Konsep Rancangan Syariat Islam Aceh Menuju 2045

Islam22 Dilihat

 

BANDA ACEH – Dinas Syariat Islam Aceh bersama dengan pemangku kepentingan, pakar hukum dari Universitas Islam Negeri (UIN) Ar-Raniry Banda Aceh dan Universitas Syiah Kuala (USK) telah berhasil merancang konsep rancangan induk peta jalan atau grand desain pelaksanaan syariat Islam Aceh untuk jangka panjang hingga tahun 2045. Rancangan Qanun Grand Desain Syariat Islam (Raqan GDSI) adalah rancangan induk yang berisi peta jalan pelaksanaan syariat Islam, yang menjadi pedoman dan acuan bagi pemerintah dan masyarakat.

Kepala Dinas Syariat Islam (DSI) Aceh, Zahrol Fajri, S.Ag, MH mengatakan, GDSI ini diperlukan, mengingat syariat Islam sebagai tuntunan agama yang bersifat menyeluruh, mencakup semua aspek kehidupan. Oleh karena itu, pelaksanaannya merupakan kegiatan terpadu yang melibatkan semua pihak, baik itu dinas/badan/instansi maupun masyarakat luas pada umumnya.
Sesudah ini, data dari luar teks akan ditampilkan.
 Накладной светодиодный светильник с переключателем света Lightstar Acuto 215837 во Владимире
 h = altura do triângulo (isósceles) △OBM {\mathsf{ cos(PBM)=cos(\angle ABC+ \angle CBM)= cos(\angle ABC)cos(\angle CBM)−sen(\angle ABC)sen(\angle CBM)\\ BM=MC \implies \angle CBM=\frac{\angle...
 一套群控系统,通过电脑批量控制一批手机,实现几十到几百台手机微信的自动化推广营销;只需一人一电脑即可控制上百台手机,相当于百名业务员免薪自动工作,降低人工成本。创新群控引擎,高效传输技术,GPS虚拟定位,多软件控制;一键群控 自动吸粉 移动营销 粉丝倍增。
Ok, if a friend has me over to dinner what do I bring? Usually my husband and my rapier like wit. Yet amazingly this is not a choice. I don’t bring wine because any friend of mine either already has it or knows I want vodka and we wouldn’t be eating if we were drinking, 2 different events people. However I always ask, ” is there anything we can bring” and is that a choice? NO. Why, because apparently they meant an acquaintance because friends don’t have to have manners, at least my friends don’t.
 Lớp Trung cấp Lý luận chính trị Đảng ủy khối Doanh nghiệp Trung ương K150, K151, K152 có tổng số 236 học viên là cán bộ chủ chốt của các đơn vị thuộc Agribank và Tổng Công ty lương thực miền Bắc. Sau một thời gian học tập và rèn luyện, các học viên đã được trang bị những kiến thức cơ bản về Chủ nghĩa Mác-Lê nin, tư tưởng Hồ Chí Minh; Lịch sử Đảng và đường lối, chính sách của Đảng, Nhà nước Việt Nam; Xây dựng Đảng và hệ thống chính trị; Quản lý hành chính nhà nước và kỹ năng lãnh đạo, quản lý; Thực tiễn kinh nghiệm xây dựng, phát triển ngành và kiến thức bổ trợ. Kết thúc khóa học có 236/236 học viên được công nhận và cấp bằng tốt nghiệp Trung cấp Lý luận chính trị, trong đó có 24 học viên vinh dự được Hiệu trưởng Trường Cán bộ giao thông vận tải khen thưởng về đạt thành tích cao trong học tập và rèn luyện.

Penerapan syariat Islam bukanlah merupakan kegiatan sektoral yang hanya diurus oleh dinas atau instansi tertentu saja. Koordinasi, konsultasi, dan sinkronisasi antar instansi untuk menyamakan persepsi dan langkah, bahkan jika perlu untuk menentukan koordinator (pemimpin puncak) untuk suatu program tertentu merupakan sesuatu yang mutlak.

Lebih lanjut Zahrol Fajri mengungkapkan, kebijakan pelaksanaan syariat Islam tidak hanya bertumpu pada Dinas Syariat Islam (DSI), tetapi pada bidang-bidang tertentu harus dikerjakan dinas atau badan lain agar perjalanannya dapat berjalan dengan baik.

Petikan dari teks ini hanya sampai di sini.